J. and I met a few months after he'd finished radiation therapy. I'd been single for about a year and had stopped seriously looking. We met for dinner because I thought he was terribly funny... and I wanted to talk to somebody else who'd stared death in the face.

Cancer had changed him, just like t1 changed me. He'd become less of a doormat, and I'd become less of a cruel-hearted harpy. We both still lean toward our defaults, which means that when we're together, we balance out pretty well. Love is all very well and good when it comes to relationships. I've loved people. I've had people love me. But... what's the quote? I read a quote from someone that said "real" love is when two people who've been heartbroken and know what they're getting into... get into it anyway. It's the courage love, not necessarily the screaming teenager love, where it's the first time you've ever felt this way and OMG if we aren't together we'll DIE!!

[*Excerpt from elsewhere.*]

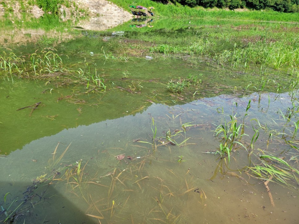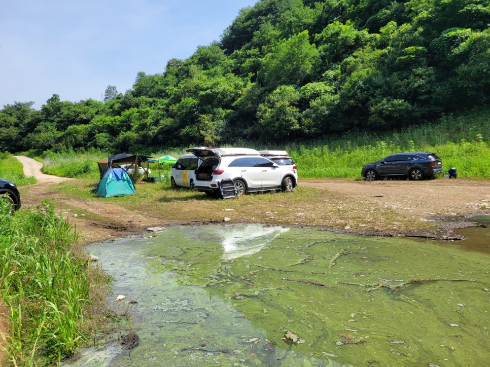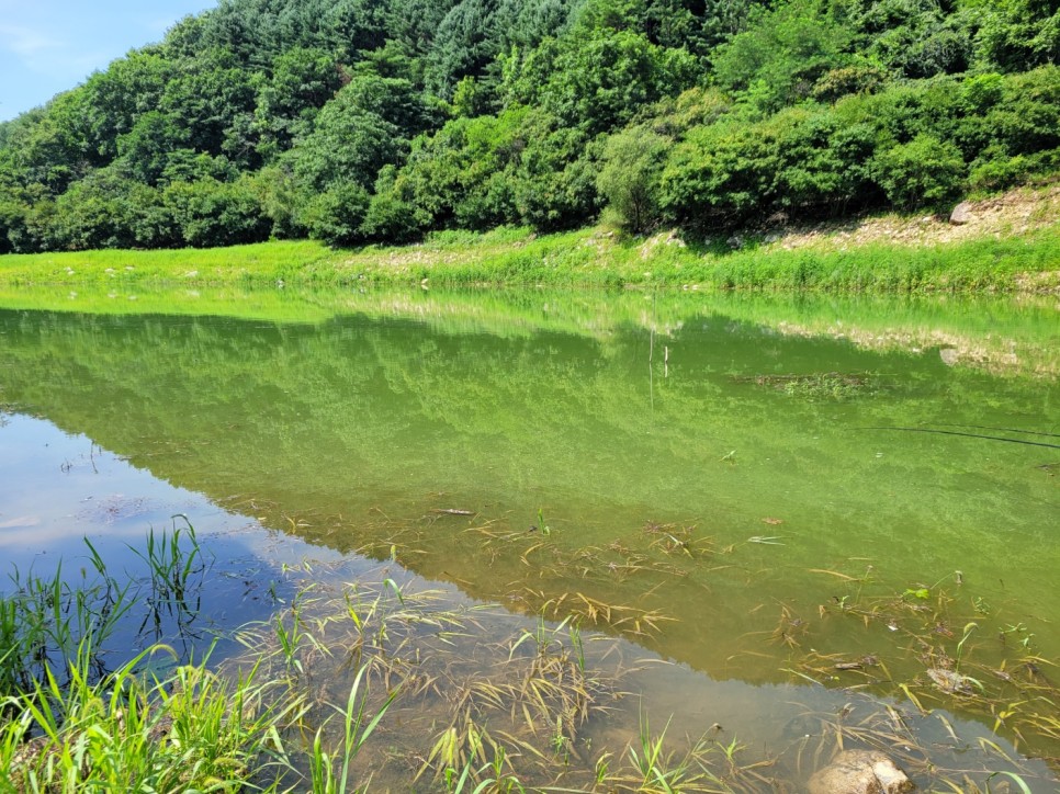 비 그치고 날이 갑자기 뜨거워 녹조도 연안쪽으로부터 생기기 시작하나 봅니다

It's the same love, really, just made even more polished by the heat of heartache. I don't think I could have even walked into a jewelry shop and sized rings with *anybody* before having my heart broken. I'm surprised it took so many years to really, truly, get my heartbroken. But then, I'd spent years avoiding real attachment. It wasn't until after I got sick and went through the Jenn craziness that I realized all my walls - though vital to not getting hurt - weren't getting me what I wanted.

I needed some serious heartbreak.

Now I know what I'm getting into. And I'm jumping anyway. I like this future we're building. I like my life this way.

Will there be more heart ache? Probably. The other thing you realize when you're somebody with a chronic illness fixing to marry a cancer survivor is that the chances of death, disfigurement, and further disability are disproportionately high for the two of you.

I'm allowing myself to love somebody who could leave me - whether through death or something more mundane, like waning passion - and I'm terribly happy about it. I know all the risks involved in it. I know it could all end badly, horrifically, spectacularly, but I also know that the years we do get together will be pretty cool and fun. We're a team. We have each others' backs. And for the first time, I trust this, however naive it may appear.

I want a big, bold life.

It just so happens that I now have a buddy to live it with.